Tilt-shift lenses are notoriously costly, but you can get a similar effect without having to shell out on expensive optics. 

So-called ‘free-lensing’, where you detach your lens and hold it in front of your camera while shooting, can result in some very interesting effects. As with a tilt-shift lens, you can adjust the plane of focus in your image with a lens that isn't physically mounted to the camera, so that only a narrow band is sharp. 

Although you can use any lens for this technique, older analogue lenses are best as they enable you to set the aperture manually. You can pick up an old lens quite cheaply, and you don’t have to worry about the fit since it doesn’t need to be attached. For our photos we used an old Fujica 50mm f/1.9 lens designed for use with a 35mm film SLR. 

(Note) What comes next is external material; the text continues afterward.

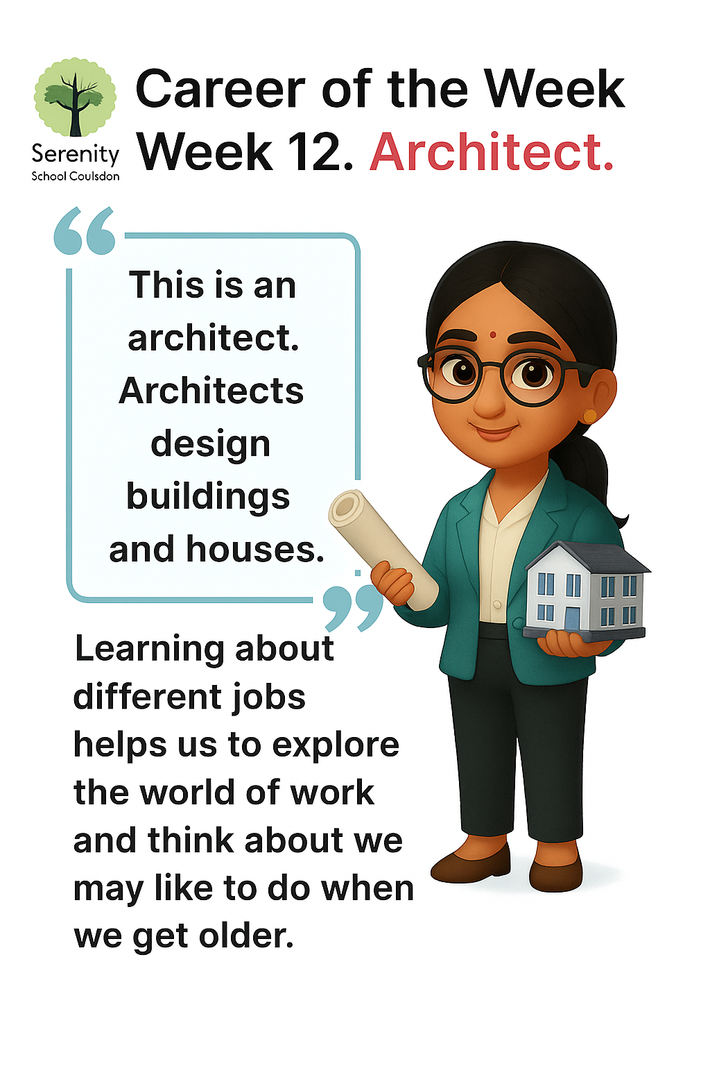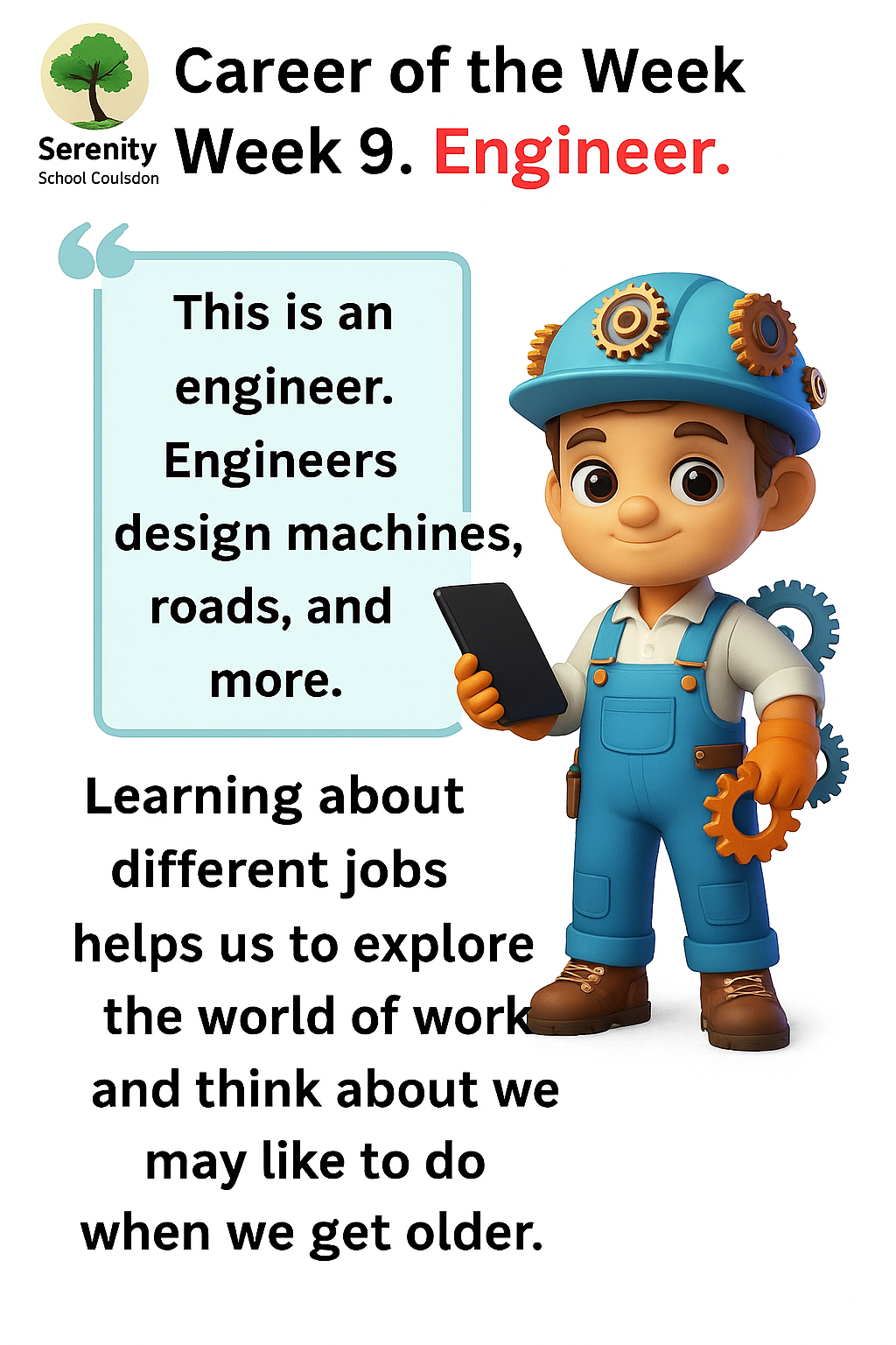 In order to help our students connect with the world beyond Serenity School, we will be introducing a Career of the Week every Friday as part of our commitment to the Careers Education, Information, Advice and Guidance (CEIAG) framework.

This technique takes a little practice, but you can get some great effects from the vignetting and colour casts that result from moving your lens around, as well as the amazingly shallow depth of field. Here’s how it's done.

Step-by-step guide: Shoot more freely

1. Go manual

A lens that allows you to focus manually is essential for this technique, while a physical aperture ring will also help. It's also a good idea to shoot somewhere still, and without too much dust or sand around, as your camera's sensor will be exposed to the elements. 

2. Free up your hands

Using a tripod will help you to get sharper images and, teamed with a timer or remote trigger, this will also leave your hands free to move the lens around. You can get light leaks when moving the lens, so hold something dark around its sides to prevent this. A black piece of card or a divider from the inside of a camera bag would be ideal.

3. Open wide

If your lens has a manual aperture ring, set it as wide as you can to let more light in. This will also give you a brighter viewfinder image. Without a lens attached, you won’t be able to use your camera’s metering system, so you’ll need to experiment with shutter speed in the manual exposure mode. 

4. Keep it clean

Free-lensing creates a very shallow depth of field, but it’s still a good idea to ensure backgrounds are clutter-free. To complement our bright, colourful subject, and to help it stand out more, we shot it against a green bush, which also helped to provide some texture and detail. 

5. Mind the gap

Using small movements, move the lens away from the camera, keeping it at a slight angle to the camera. This may create a gap that will leak enough light in to blow out your image, so keep the gap small and use your hands to block the edges. This will also give a colour cast to your image.

6. Focus with care

Accurate focusing takes a bit of practice. A good starting point is to use the viewfinder or Live View to set the focus point just in front of, or beyond, your subject, and then to move the lens back and forth very slightly to get the area you want to keep sharp in focus.